Response: Thank you for bringing this to our attention. We have added a detailed memory footprint analysis in Appendix D. On average, our models have approximately 250K parameters across all five LRA tasks, achieving a 2.4× reduction compared to the 600K parameters of the baseline transformer architecture. For the 35-category Speech command dataset, our model consists of 627K parameters compared to 1.69M parameters in SpikingLMUFormer.
Comment 6
The benefits of stochasticity? Would there be better or more consistent performance if probabilistic spike sampling is replaced by spike firing at a fixed or learnable threshold?
Response: This is an insightful question. The primary benefit of stochasticity that we leverage in our model is that it enables parallelizable training and inference without any significant overhead. We implemented a version of our model using conventional LIF neurons to conduct an ablation study. The experimental setup mirrors the one outlined in Section 4.1 for the ps-MNIST dataset and both the models have similar number of parameters. Having trained both the models till convergence of validation loss (for 100 epochs), the LIF-based approach achieves a test accuracy of 97.7% on ps-MNIST, compared to 98.4% attained by our stochastic model.
Notably, our model also significantly outperforms the LIF-based approach in training and inference efficiency. Training one epoch (batch size 64) takes approximately 1.5 minutes with our model, compared to 6.1 minutes for the LIF-based variant on the ps-MNIST dataset. Similarly, inference on the test set requires only 9 seconds for our model versus 17 seconds for the LIF-based approach. This difference stems primarily from the sequential processing bottleneck inherent in LIF-based models, which also depends on Backpropagation Through Time (BPTT) for training. In contrast, our framework leverages a parallelizable architecture, enabling efficient single-pass training with standard backpropagation.
All experiments were conducted on an Nvidia RTX A5000 GPU with 24GB of memory, as specified in Section 4.This comparison with conventional LIF neurons has been included in the Ablation Studies section (Section 4.1.2), specifically in lines 459–470.
Comment 7
How can the network be trained with the removal of the surrogate gradient (Table 5)?
Response: This is a great question. While most complex datasets in the LRA benchmark did not train without the surrogate gradient (as stated in Section 4.1.2), we were able to successfully train the LRA Text dataset using a technique where we pass the backpropagating gradient when the neuron spikes (i.e., when the output is 1), and pass 0 when it does not spike. This approach was implemented in PyTorch using a custom autograd function. We have now included this method in the Additional Experimental Results section in the Appendix for reference.

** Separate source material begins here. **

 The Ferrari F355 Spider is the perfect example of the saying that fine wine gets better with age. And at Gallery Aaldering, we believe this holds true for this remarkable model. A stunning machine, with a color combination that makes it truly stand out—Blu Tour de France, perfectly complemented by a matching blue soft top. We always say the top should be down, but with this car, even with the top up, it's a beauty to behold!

References: [1] Zeyu Liu, Gourav Datta, Anni Li, and Peter Anthony Beerel. LMUFormer: Low Complexity Yet Powerful Spiking Model With Legendre Memory Units. ICLR. 2024. [2] Alexandre Bittar and Philip N Garner. A surrogate gradient spiking baseline for speech command recognition. Frontiers in Neuroscience. 2022. [3] Timcheck, Jonathan, Sumit Bam Shrestha, Daniel Ben Dayan Rubin, Adam Kupryjanow, Garrick Orchard, Lukasz Pindor, Timothy Shea, and Mike Davies. "The Intel neuromorphic DNS challenge." Neuromorphic Computing and Engineering 3, no. 3 (2023): 034005.

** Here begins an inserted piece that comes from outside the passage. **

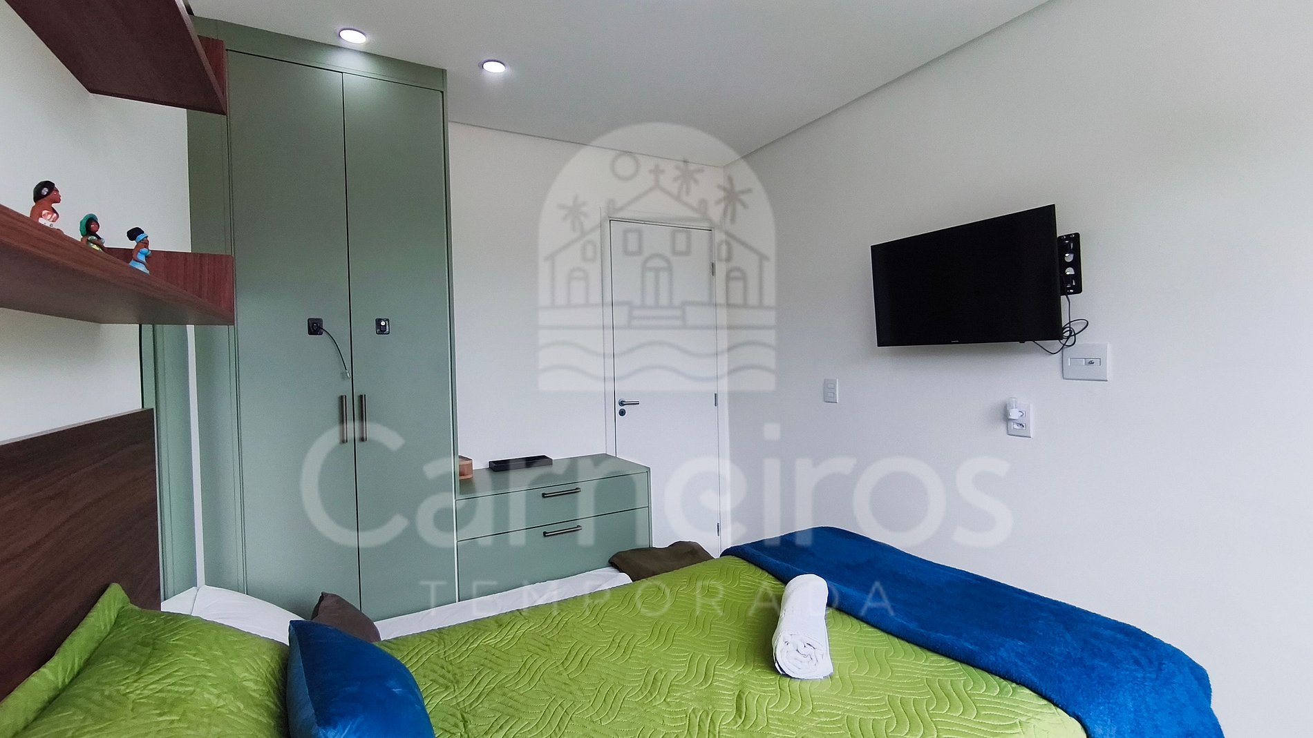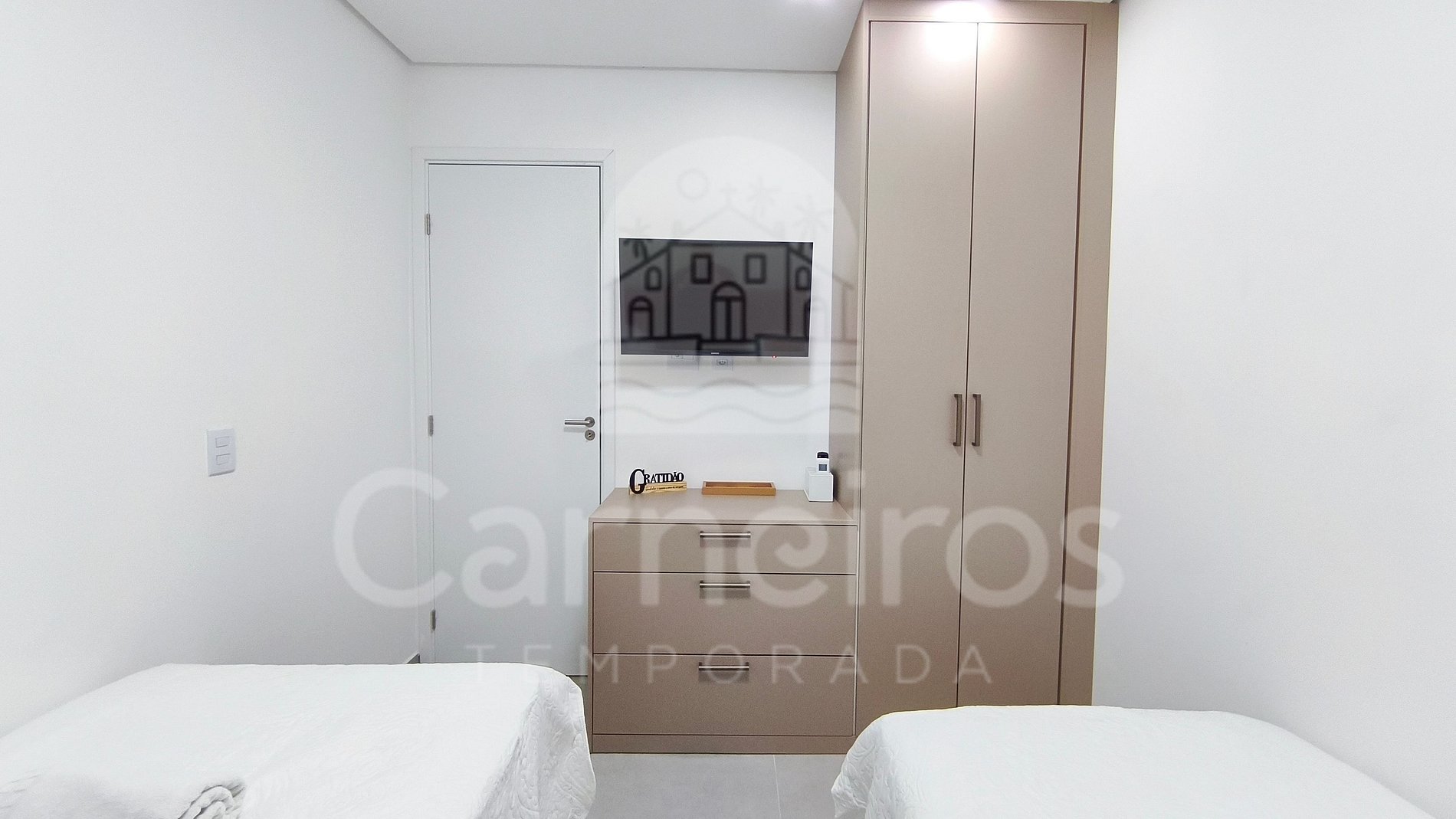 - Quarto 02: 1 cama box solteiro + 1 bicama de solteiro, ar-condicionado, armário e TV;

Thank you for your review and comments. In light of the revisions that we have now made in response to your comments, we kindly request that you reconsider your rating. We are happy to address any further feedback you may have.

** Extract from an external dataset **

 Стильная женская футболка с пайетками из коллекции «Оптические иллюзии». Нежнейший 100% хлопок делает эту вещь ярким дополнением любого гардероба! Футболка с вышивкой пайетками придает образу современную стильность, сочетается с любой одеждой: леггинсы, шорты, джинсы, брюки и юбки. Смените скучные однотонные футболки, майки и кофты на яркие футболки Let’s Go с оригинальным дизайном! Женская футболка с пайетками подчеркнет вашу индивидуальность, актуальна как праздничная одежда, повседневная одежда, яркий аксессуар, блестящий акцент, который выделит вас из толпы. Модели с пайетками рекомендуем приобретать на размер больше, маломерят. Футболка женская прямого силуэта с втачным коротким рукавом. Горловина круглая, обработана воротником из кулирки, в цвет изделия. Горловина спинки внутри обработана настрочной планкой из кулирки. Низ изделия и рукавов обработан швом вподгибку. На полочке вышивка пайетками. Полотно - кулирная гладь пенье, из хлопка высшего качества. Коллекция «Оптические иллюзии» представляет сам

Thank you for your thoughtful and constructive feedback. We have carefully revised our paper based on your suggestions. As the discussion period is coming to a close, we kindly request that you reconsider your rating in light of these updates. Please let us know if you have any additional feedback—we would be happy to address it.
Thank you for your valuable feedback, which has been carefully incorporated into our paper. As the discussion period draws to a close, we kindly request you to reconsider your rating, taking these updates into consideration. If you have any further suggestions or comments, we would be delighted to address them.
Thank you for your insightful suggestions. We have updated our paper to include the suggested clarifications and additional experimental results. As the discussion period is nearing its end, we kindly request you to reconsider your rating in light of these updates. If you have any further suggestions or comments, we would be more than happy to address them.
Thanks for your feedback. These clarifications and additional results have addressed most of my concerns. However, I still think that the performance of the model is mainly due to SSM and I'm not sure how significant the use of spikes is for the development of the research community. Overall, I believe that the work falls short of the acceptance threshold.
We sincerely appreciate your decision to increase the score. Our proposed framework harnesses the dynamics of an SSM-based neuronal model to probabilistically generate spikes. It incorporates components like SpikeMixer and ClampFuse, which not only enhances performance but also enables computational efficiency, as demonstrated in Sec 4.1.2 and Sec. 4.2. Unlike previous approaches that rely on real-valued data, our model processes and communicates through sequences of spikes, achieving significant computational efficiency (as detailed in Section 4.2). Unlike previous approaches, our model eliminates the need for an additional leaky integrate-and-fire (LIF) neuronal layer for spike generation. This allows us to circumnavigate the sequential bottleneck inherent to conventional LIF based models (Sec. 3.1.4) and delivers the following key advantages: (a) superior performance compared to baseline models, (b) parallelizable training through a surrogate function while employing a probabilistic spike sampling approach, and (c) sparse spiking patterns that further enhance computational efficiency (discussed in Sec. 4.2 and illustrated in Fig. 4.).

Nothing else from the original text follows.